Still, I sort of used such a tool, only it didn't exist yet (let's call it Imaginary ad-hoc Scanner Generator Tool, IahSGT). Like most such tools, IahSGT has a definition language. Instead of the usual C-like syntax, it has Tcl-like syntax. The first step was to translate the HTML5 start tag definitions to statements in IahSGT's definition language, which I made up as I went along and then reworked some times to make it convenient and easy to read (not really necessary since I was going to throw it away later, but I couldn't help myself). The completed DL script told me what the scanner would have to be able to do, in terms of state transitions, input classification, and basic output. A scanner's output is typically very straightforward, like an alternating list of token classes and token strings. My scanner would have to be a little more sophisticated, producing a result in the same format as in the earlier examples. That meant that the output had to be (dummy, to begin with) executable primitives. When running the DL script through IahSGT, it dynamically created a scanner whose transition matrix, input dictionary, and scanner engine were all transient and hidden from sight. A test harness fed HTML fragments into this dynamic scanner and checked the resulting list of output primitives. I went through some iterations of refining the output dictionary and the generator engine until I was satisfied that the output was sufficiently simple and that everything was being scanned correctly. At that point I changed the generator engine to instead dump the matrix (as the stateMatrix structure), the input dictionary (as the getCharacterClass command definition), and the basic scanner engine (similar to what would later become the scanStartTag command). Then I wrote a real scanner engine based on this that included real primitives (the list of primitives eventually boiled down to storetoken, adjustlength, append and return). The test harness verified that it was correct, but the first version was unnecessarily complex. I rewrote it a bit some days later (adding the ei input class, among other things), and the result is what you see here. I don't know if this description helps any; it's all simpler than it sounds, really. Tcl is excellently convenient for building domain-specific languages and Code Generation engines while allowing for informal specifications and iterative development.

aspect: Great story, thanks for sharing! Pity the intermediate code didn't get published. While I understand it was written to be thrown away (and that's part of the charm of the tale!), I think illustrations of this sort of development style deserve to be highlighted. Highly [iterative development] with a heavy dose of code generation and [domain-specific languages] is a beautiful process in a language like Tcl, and has the potential to inspire people who (coming from less dynamic languages, or more orthodox education) might not have seen anything like it before. I have dreams of a "Tcl-craft anecdotes" blog for brief stories such as this ;-).

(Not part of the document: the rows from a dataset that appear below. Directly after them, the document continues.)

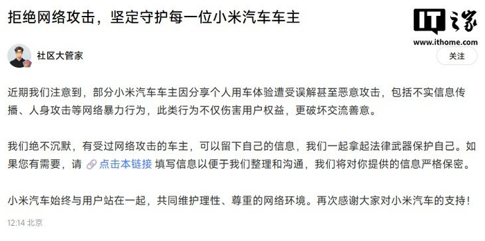 IT之家注意到,今年 9 月 26 日,小米官方在小米汽车社区发文 ——《拒绝网络攻击,坚定守护每一位小米汽车车主》,提到有受过网络攻击的车主,可以留下自己的信息,一起拿起法律武器保护自己。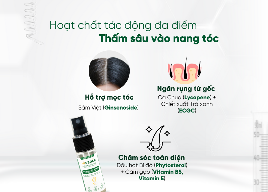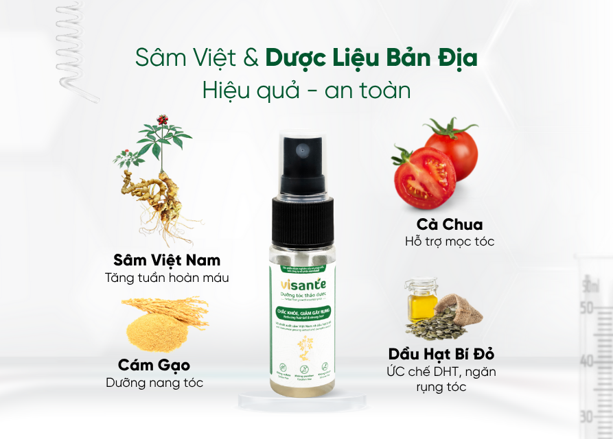 Thành phần chính: Chiết xuất sâm Việt Nam, dầu hạt bí đỏ, chiết xuất hương thảo, tinh dầu vỏ bưởi, chiết xuất trà xanh, chiết xuất cám gạo, chiết xuất cà chua,…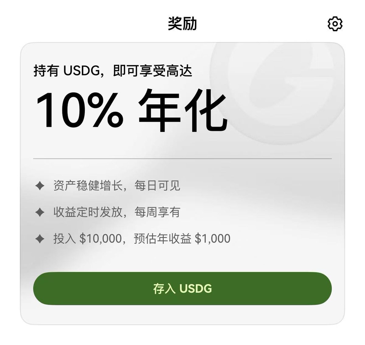 存 $USDG ,前一万刀享受年化10%,超出部分5%并且无上限。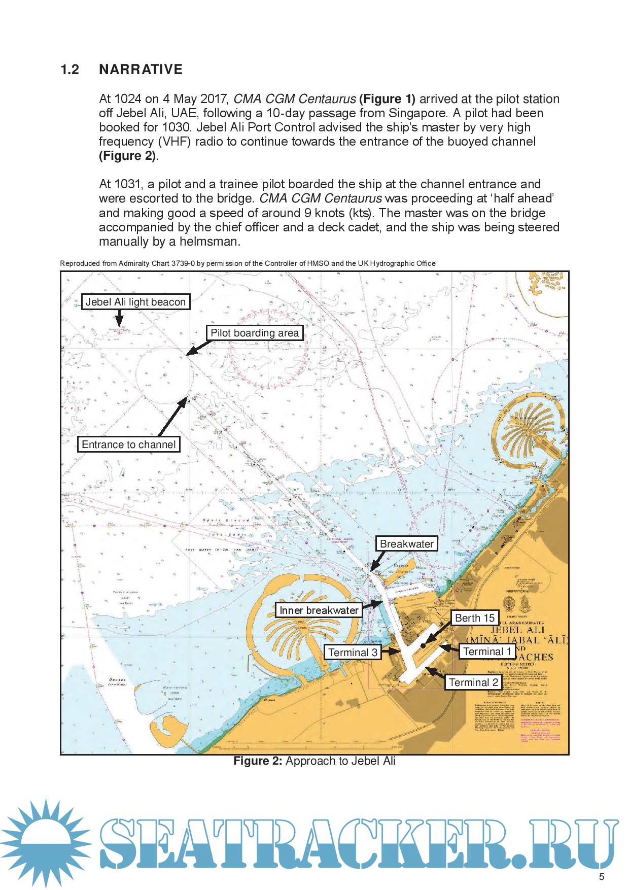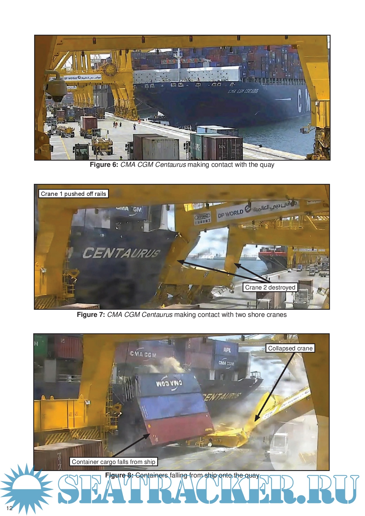 Description: At 1137 on 4 May 2017, the UK registered container ship CMA CGM Centaurus made heavy contact with the quay and two shore cranes while executing a turn under pilotage during its arrival at Jebel Ali, United Arab Emirates. The accident resulted in the collapse of a shore crane and 10 injuries, including one serious injury, to shore personnel.
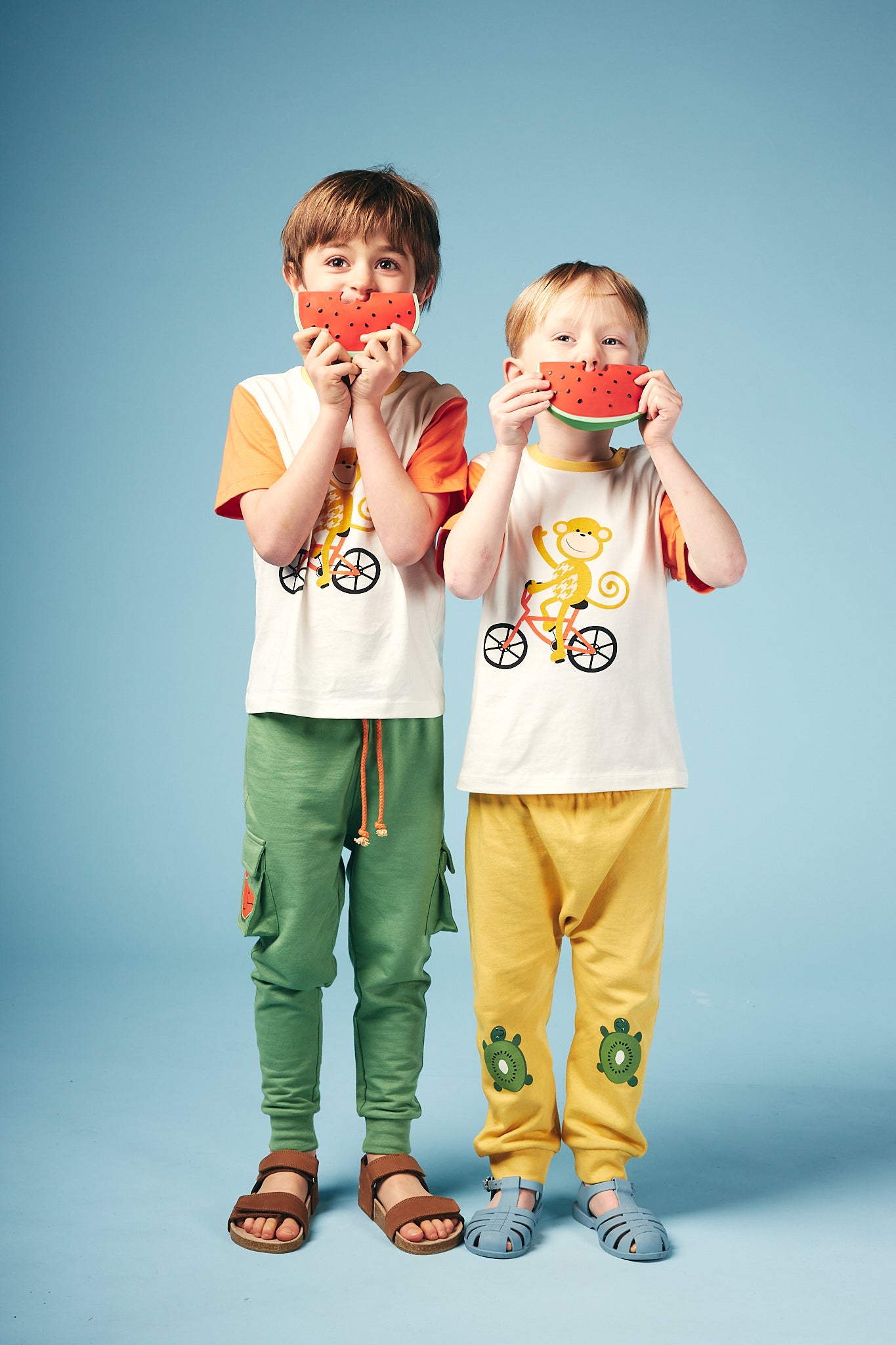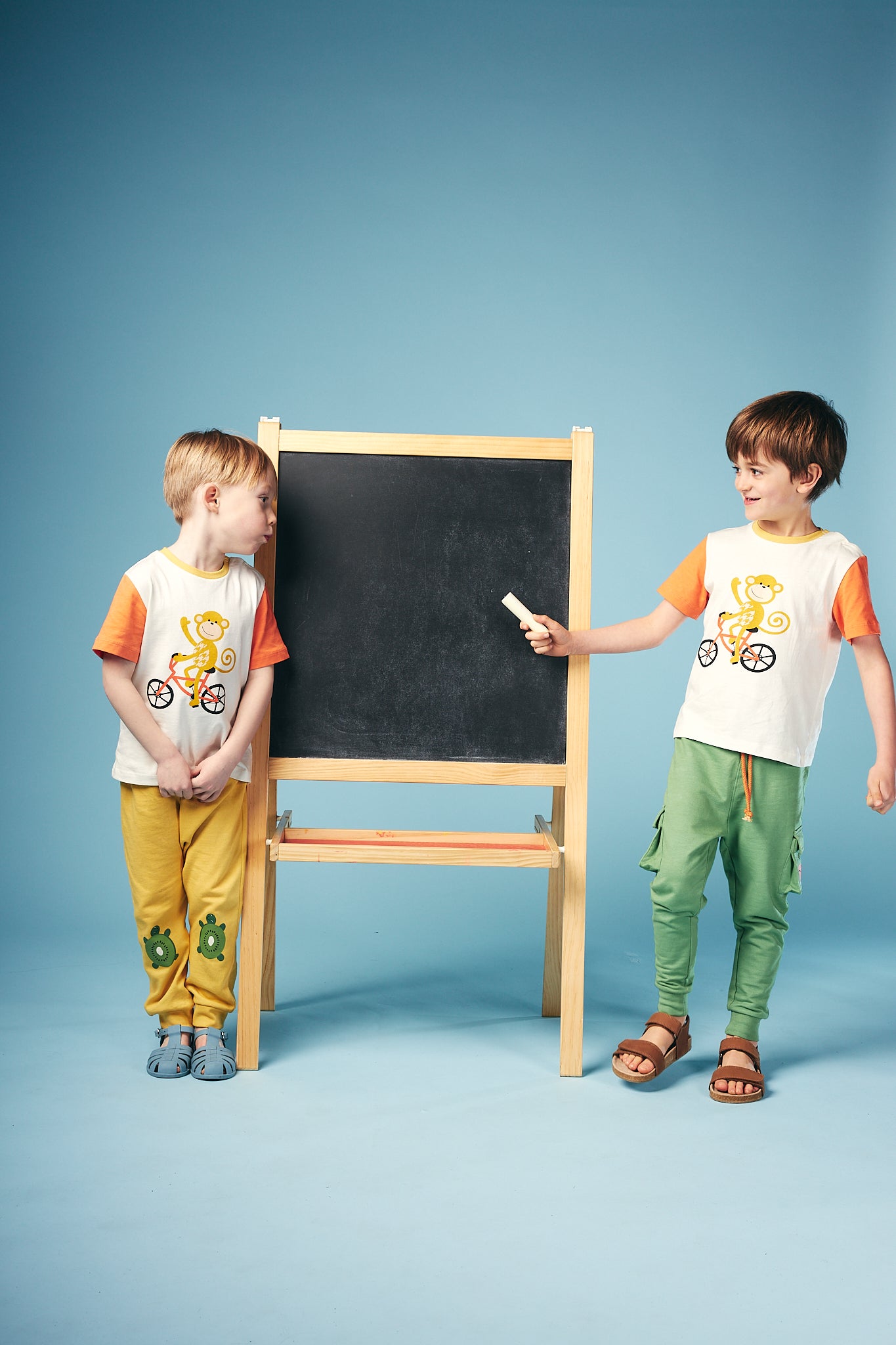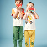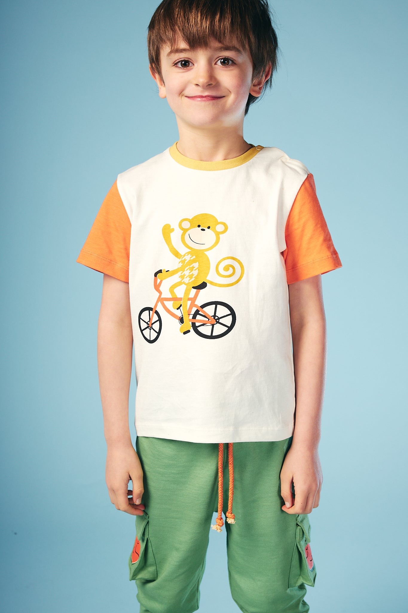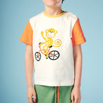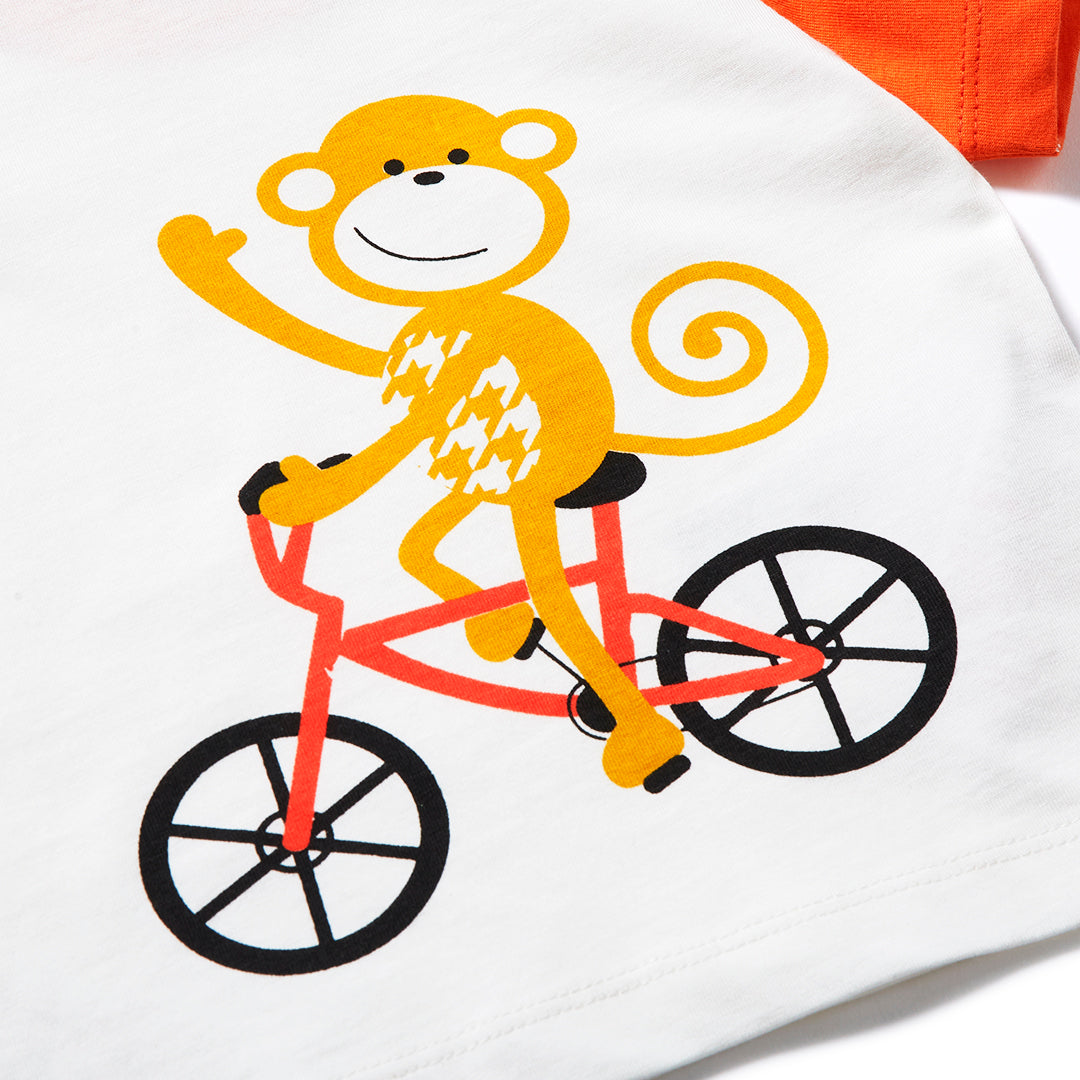 Shop our organic cotton baby and kids clothes. Fun, colourful, essential baby toddler long sleeve tee. Long term fans may recognise our monkey and bike designs, now sat together in this fun and cheeky graphic. A big bold monkey on a bike graphic sits on an off white base with orange sleeves and yellow neck rib.  Pair up with our joggers and leggings or layer up with our sweats to complete the look!

[name redacted]: My pleasure :) Tcl is radically different from most languages, and developing Tcl code can be exhilarating - but apparently also utterly baffling for beginners and traditionalists. How do the most popular languages compare to Tcl? Well, C is a dirt bike, Java (like C++/C#/Objective C) is a humvee; Tcl is a helicopter. When I think about why Tcl isn't popular, I suppose most people (correctly) imagine it would be very hard to drive it cross-country.